Flush/below flush means nothing w/regard to crush.
And two, CCI has no idea what their primers should be seated at -in YOUR brass, because they haven't a clue about YOUR pocket depths.

CRUSH means seated to touching bottom of pocket + desired additional. This means measuring every single primer, and every single pocket each is to be seated in, and then measuring the actual seating.
K&M is the only seater I know of that provides this.

The 'proper' crush is beyond me as I haven't done alot of testing there.
But I do know that primers misfire without some amount of crush.
And I know it can depend on the strike the bolt provides, and the case headspacing needed. It's not about power, but speed(sharpness) of strike. Heavy pins, high viscosity spring lube(cold), pin travel causing the bolt handle to move(misaligned bolt turn), or anything moving forward with the strike(primer or case), can affect primer performance.

So with conditions unknown, I start at .002" crush, and bring the seater to the range. If I get misfires, I seat the next 10 .001" deeper, until all are firing well. That's it, I just seat till they are reliable & log it.
Maybe some day I should do some testing..

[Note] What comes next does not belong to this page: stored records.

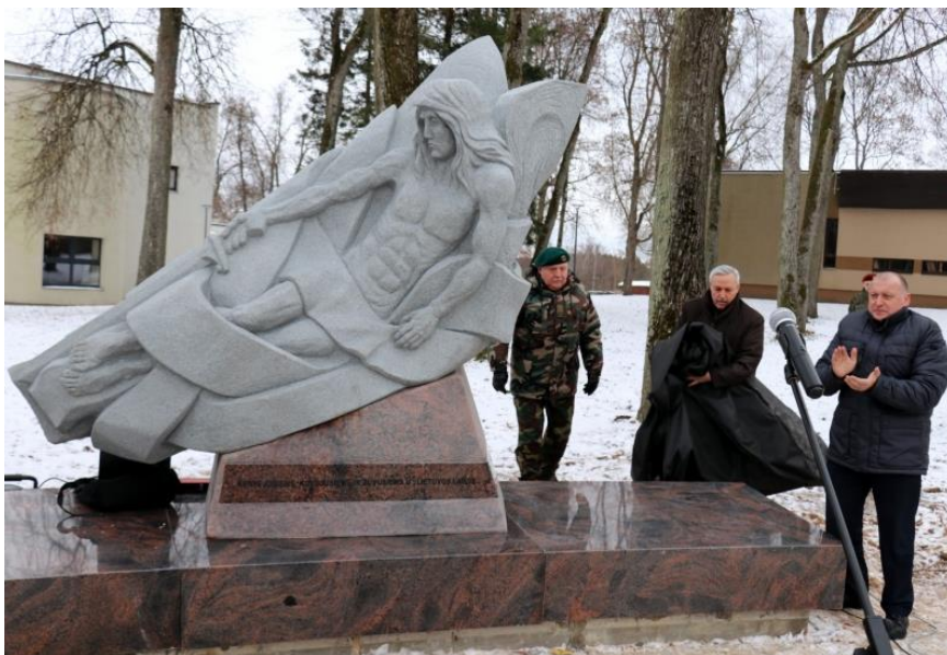
Pav. Paminklo atidengimo ceremonija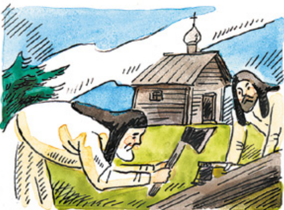
Рисунки Екатерины Гаверилевой

Слава о добродетельных иноках, поселившихся на Соловках, постепенно разошлась по Новгородской земле. Сюда начали прибывать люди, появились новые кельи. Возникла большая монашеская община.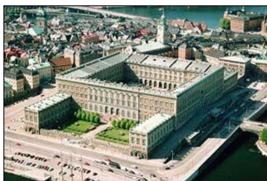
Fot. Zamek królewski w Sztokholmie

Głową państwa jest król (obecnie panuje Karol XVI Gustaw ).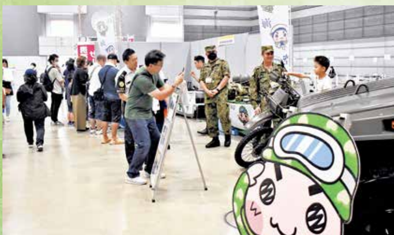
総合防災イベント「そなえる・ふくしま2023」 ～いのちを守るマイ避難～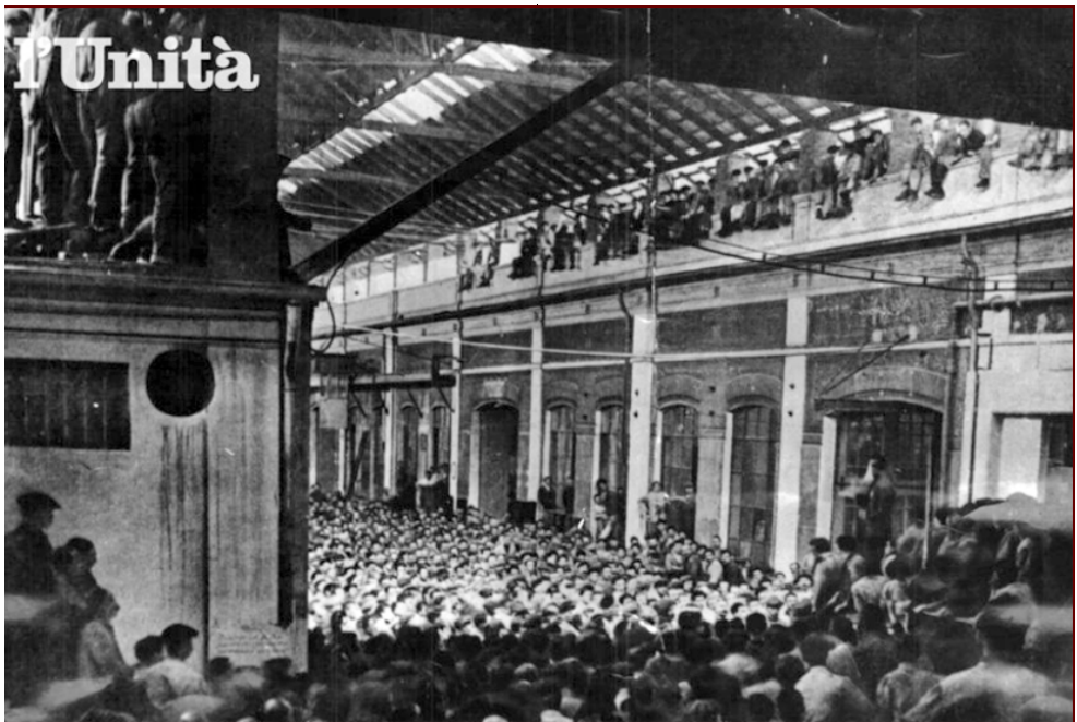
FIAT-Arbeiter im Besetzungstreik -- 500.000 Metalller nehmen ihre Fabriken in die eigene Hand

In seiner Rede schwor Mussolini, das Parlament, so wie es bestand, zu zerstören. Nur die Ex-Soldaten, die »Aristokratie der Schützengräben«, hätten das Recht, Gesetze zu erlassen. Er wolle die vollkommene Freiheit des Volkes.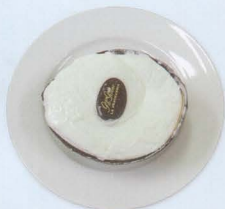
Gelato al cocco € 4,00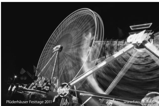
Der bewegte Vergnügungspark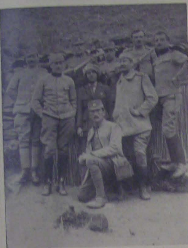
Potporučnik Draža Mihailović (kneži u prednjem redu) snimljen 1917. pred zemunskom na solunskom frontu kod Dobrog Polja.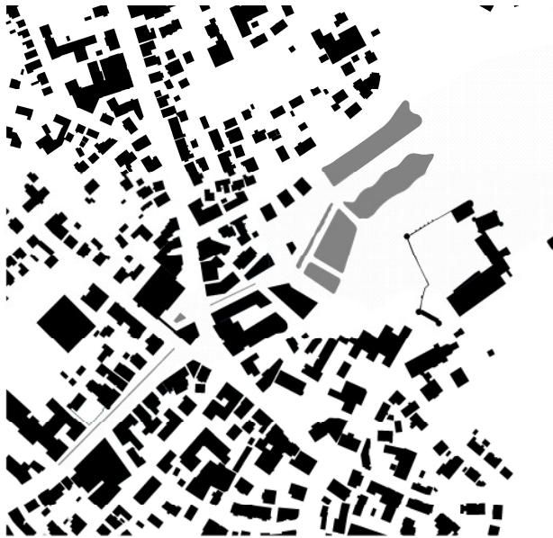
Städtebaulicher Strukturplan Jahr 2016 M 1 : 2000

I've never used anything but the K&M. It's a nice seater, but I notice it would be impossible to seat with it, to a set crush, -by feel. No Way.
It would be interesting to do some testing with the Sinclair wonder seater that looks so nice. I could measure things out with the K&M, seat by feel with Sinclair, and remeasure to see how I did with the K&M.
But I can't see spending so much on a seater that I highly doubt can seat with K&M's precision.

Anyway, as far as consistant seating w/resp to 'flush', this of coarse could be achieved with pockets milled to a standard depth. So if not acounting for primer thickness variance, I would at minimum uniform the pockets ..
 
Virtually all of the short range Benchrest shooters that I have seen load, between matches at the range, seat primers by feel. It is easy. Lets not make buttering bread into an engineering problem. Seat the primer till you feel it bottom and then compress it a little more. A hand tool makes this easy.
 
I'm going along with BoydAllen on this one. Make sure your pockets are clean, so the primer bottoms out on brass, and the primer is below the case head.
I don't think any fancy tools are required to determine primer depth, and I doubt the depth variation will show up on the paper.
I seat all primers by feel with a hand seater, and have never had a F.T.F. And both of my BRs shoot just fine.
This part is not rocket science, in my opinion.
Mike.
 
over the yrs I have seen several tools and methods used to seat the primers ....to me it seems like how to open a bottol-0-pop,,,just pull on it till it fizzzess....hahah....there are tools that uniform the poket depth ...and tools that seat to a millionth of an inch below flush etc...but every tool and every method relies on the rim to do the pushin....and the rims vary in thicness!! hmmmmm....I use a Lee primer tool (12 $$) and just seat em till there is a lil crush .....so far so good... spend your money on a good powder measure (not on labratory scales or 200$$ primer tools...) I try to use tools and methods that can work on the tailgate of my truck in a hailstorm out on the range...Roger
 
Been loading match quality ammunition since 1960, and never realized seating primers was such a scientific and complex issue. Always have seated them 'til I feel them bottom out, which ends up being slightly below flush. Is it .002", .004" or ? Don't know and don't care. Cannot remember the last primer mis-fire I've had, and I average 3K to 4K per year.